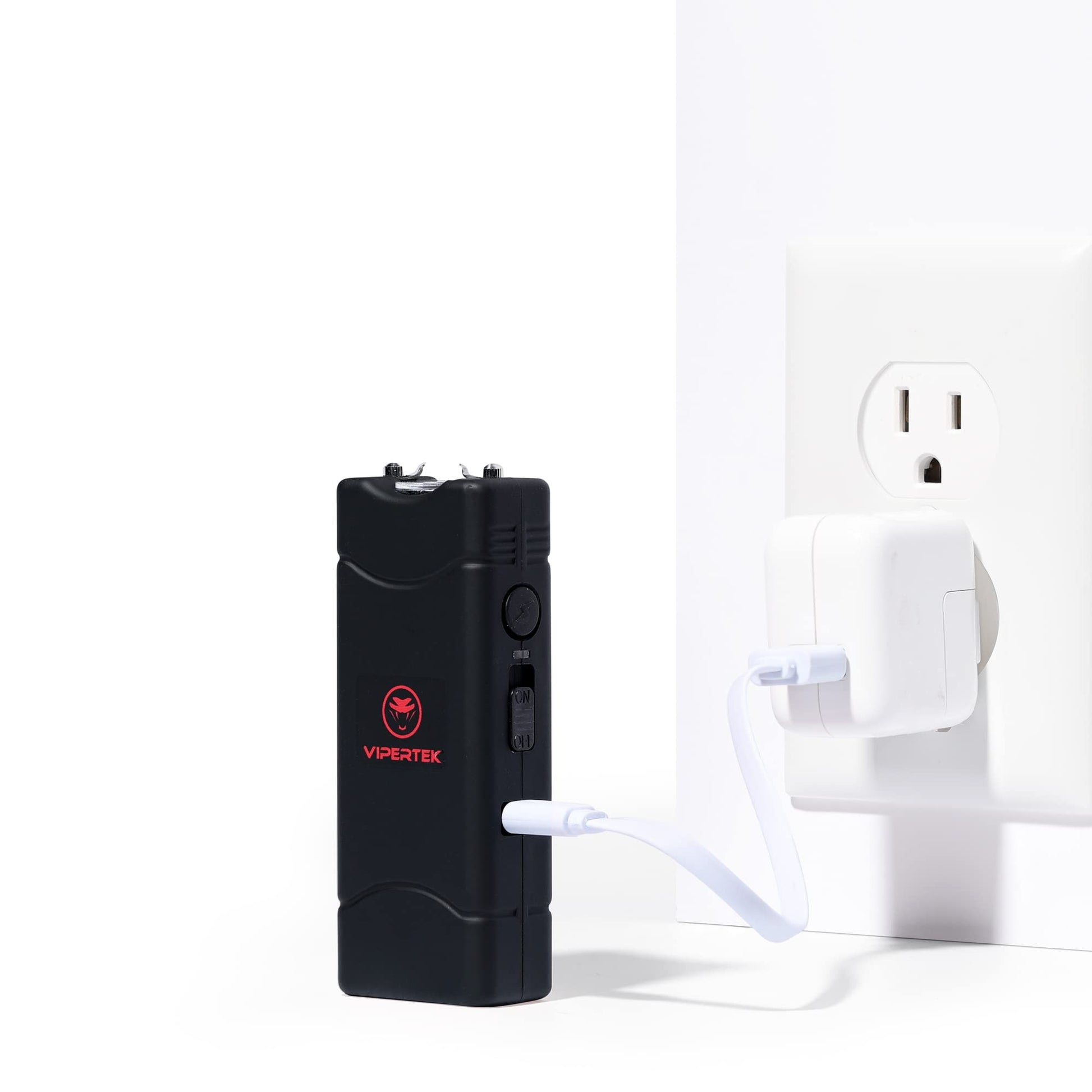 VIPERTEK VTS-881 Micro Stun Gun for Self Defense Rechargeable with LED Flashlight, Black
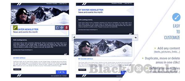 - No HTML knowledge required, enjoy the email marketing and newsletter creation with our drag and drop editor (create your template in a minute with our saved zones).
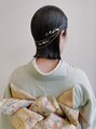 お着物とタイトなボブセットです。お客様の持ち込んで頂いたアクセサリーと、イメージデザインで作らせていただきました◎
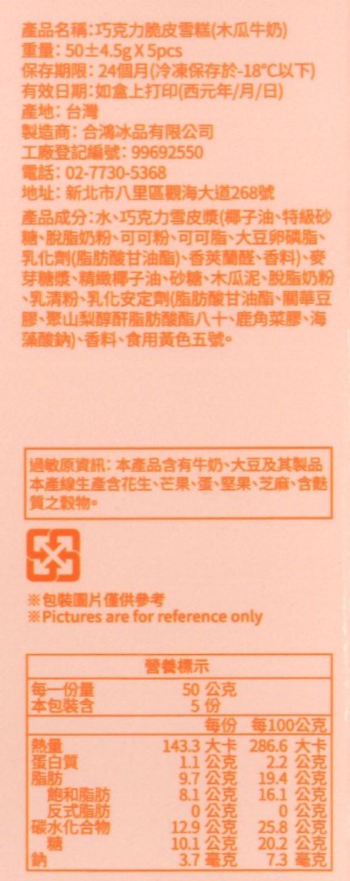 | 商品名稱 | 北回 巧克力脆皮雪糕(木瓜牛奶) 5入 |
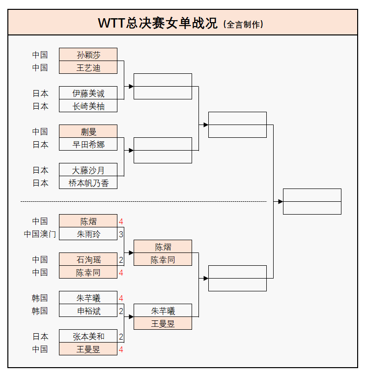 女单:王曼昱4-2张本美和(日本)、陈熠4-3朱雨玲(中国澳门),陈幸同4-2石洵瑶;
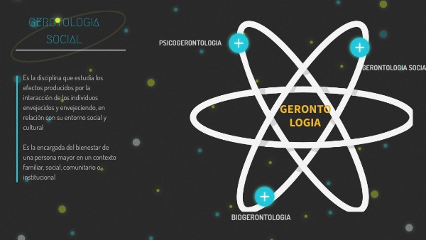 Es la disciplina que estudia los efectos producidos por la interacción de los individuos envejecidos y envejeciendo, en relación con su entorno social y cultural Es la encargada del bienestar de una persona mayor en un contexto familiar, social, comunitario o institucional
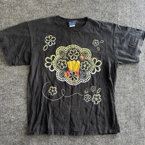 Vintage Disney Winnie Pooh Black Flowers Petal Paisley T Shirt Unisex Large

++++++++++++++++++++

• [Exercise details]
The line containing "巧克力脆皮雪糕(木瓜牛奶) 5入 |" and every line after it, up to the last line of the data, should be returned exactly, without the pictures.

• [Written solution]
 | 商品名稱 | 北回 巧克力脆皮雪糕(木瓜牛奶) 5入 |
 女单:王曼昱4-2张本美和(日本)、陈熠4-3朱雨玲(中国澳门),陈幸同4-2石洵瑶;
 Es la disciplina que estudia los efectos producidos por la interacción de los individuos envejecidos y envejeciendo, en relación con su entorno social y cultural Es la encargada del bienestar de una persona mayor en un contexto familiar, social, comunitario o institucional
 Vintage Disney Winnie Pooh Black Flowers Petal Paisley T Shirt Unisex Large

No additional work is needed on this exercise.